ABOUT THIS EXERCISE>
Print the lines exactly. Start at the first line of the material below, end with the line that contains "这三位高管认罪,接受了超过3", and skip all pictures.
-------
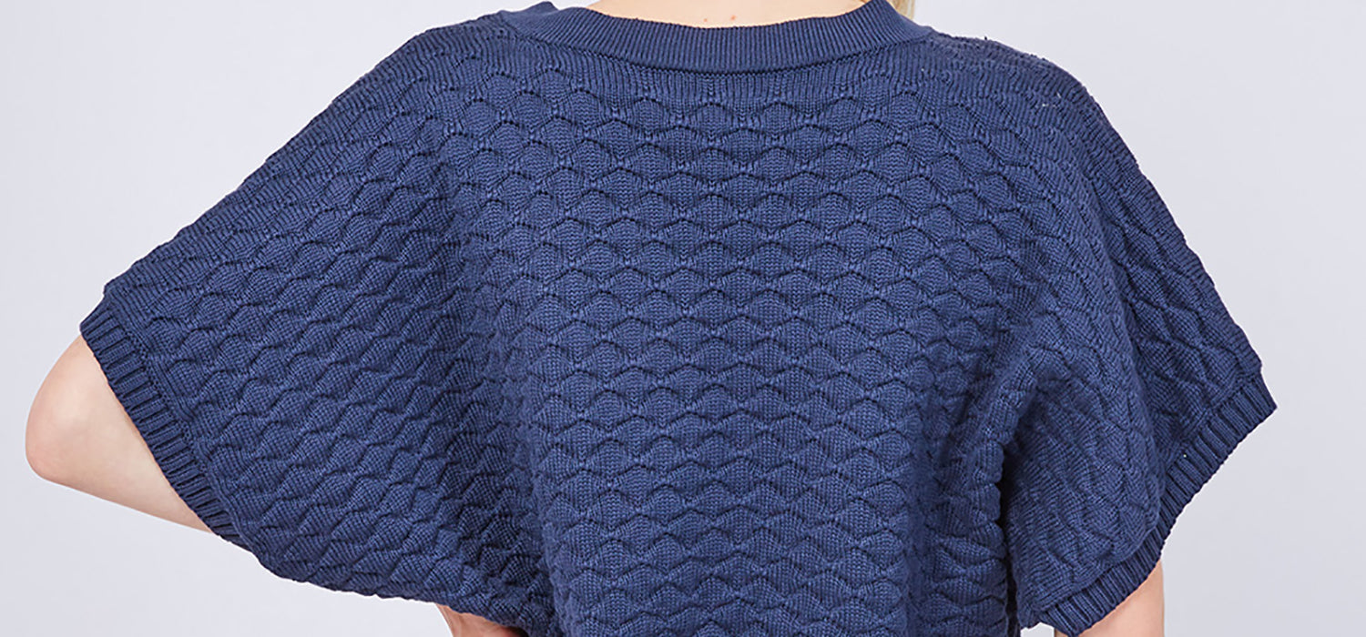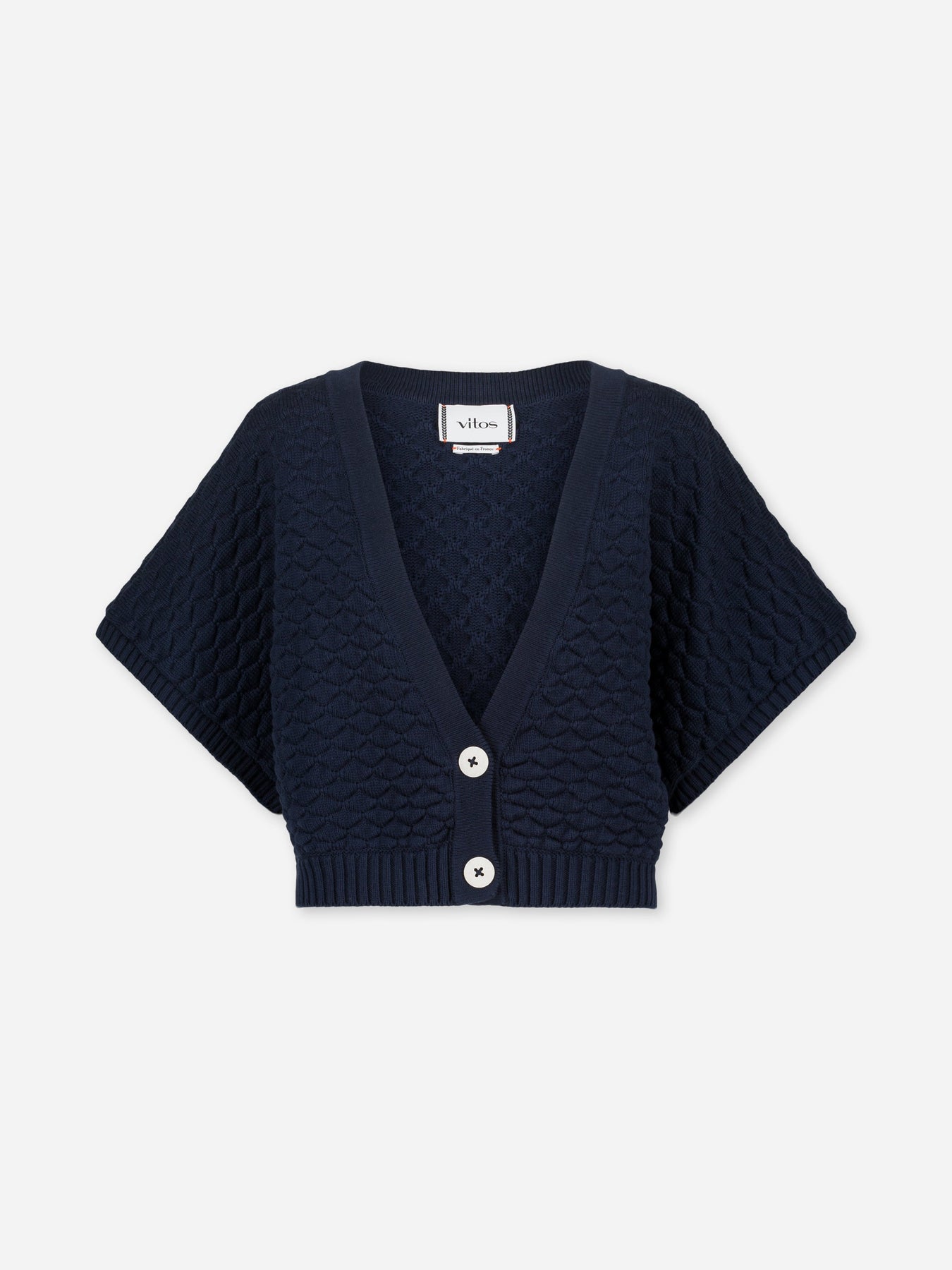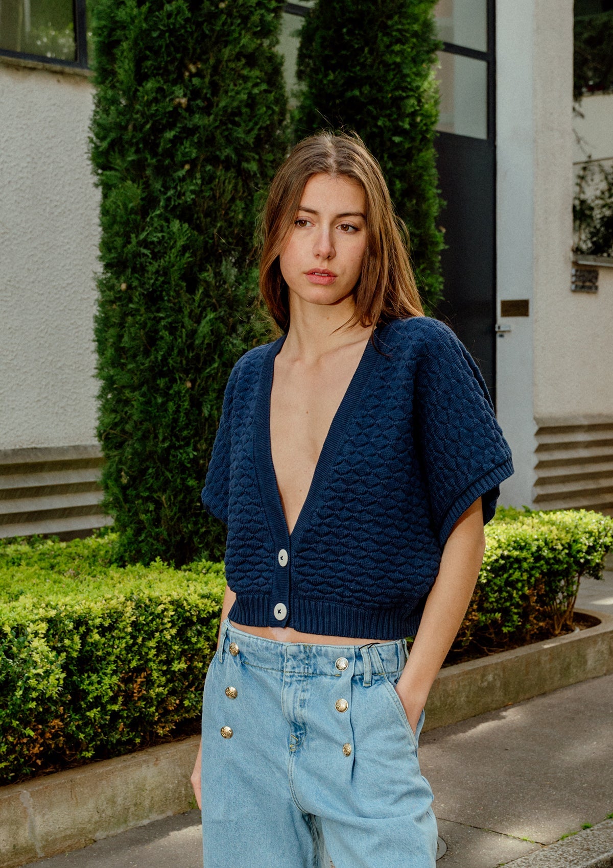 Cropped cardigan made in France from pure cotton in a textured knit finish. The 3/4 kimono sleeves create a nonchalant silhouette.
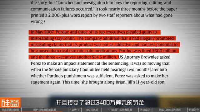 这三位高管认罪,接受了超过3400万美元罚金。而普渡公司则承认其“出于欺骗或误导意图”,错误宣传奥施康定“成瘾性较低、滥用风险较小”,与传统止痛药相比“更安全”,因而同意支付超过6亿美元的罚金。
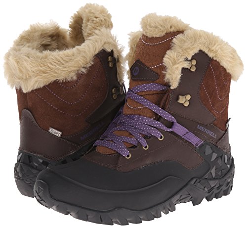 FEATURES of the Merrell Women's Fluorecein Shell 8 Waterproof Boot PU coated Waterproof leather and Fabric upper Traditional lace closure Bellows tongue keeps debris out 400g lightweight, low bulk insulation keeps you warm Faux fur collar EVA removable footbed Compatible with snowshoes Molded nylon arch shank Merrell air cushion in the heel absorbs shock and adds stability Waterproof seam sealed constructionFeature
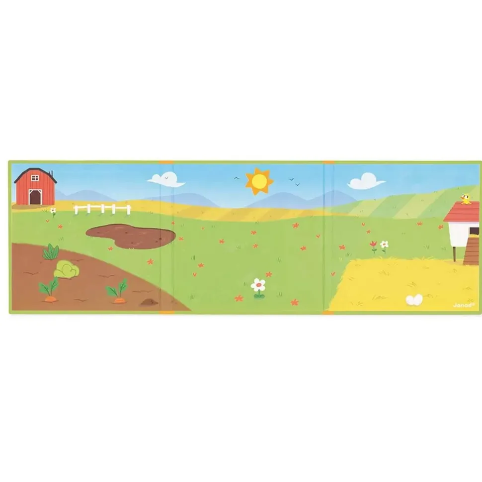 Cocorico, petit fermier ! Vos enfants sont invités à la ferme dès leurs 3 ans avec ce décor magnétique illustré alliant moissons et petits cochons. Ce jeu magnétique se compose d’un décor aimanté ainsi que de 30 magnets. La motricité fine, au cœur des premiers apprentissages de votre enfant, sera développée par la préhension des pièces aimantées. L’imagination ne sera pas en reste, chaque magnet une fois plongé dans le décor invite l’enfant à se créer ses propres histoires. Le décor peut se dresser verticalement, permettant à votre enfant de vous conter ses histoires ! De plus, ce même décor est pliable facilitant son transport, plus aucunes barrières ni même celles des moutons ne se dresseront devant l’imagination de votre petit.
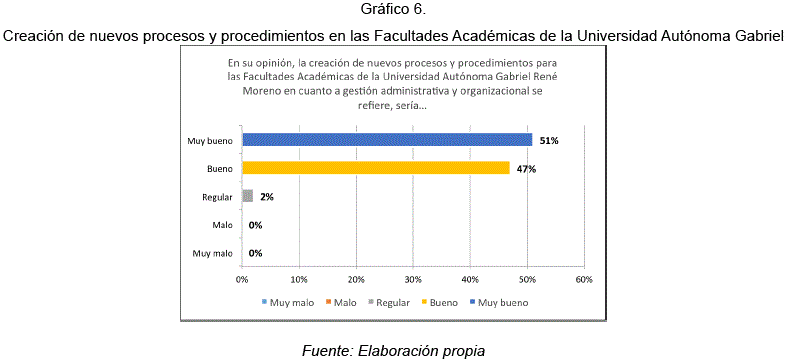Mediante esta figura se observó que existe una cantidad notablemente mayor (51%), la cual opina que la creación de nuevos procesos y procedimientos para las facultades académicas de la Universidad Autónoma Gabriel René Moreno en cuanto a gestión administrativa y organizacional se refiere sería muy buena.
-------
ANSWER TO THE EXERCISE>
 Cropped cardigan made in France from pure cotton in a textured knit finish. The 3/4 kimono sleeves create a nonchalant silhouette.
 这三位高管认罪,接受了超过3400万美元罚金。而普渡公司则承认其“出于欺骗或误导意图”,错误宣传奥施康定“成瘾性较低、滥用风险较小”,与传统止痛药相比“更安全”,因而同意支付超过6亿美元的罚金。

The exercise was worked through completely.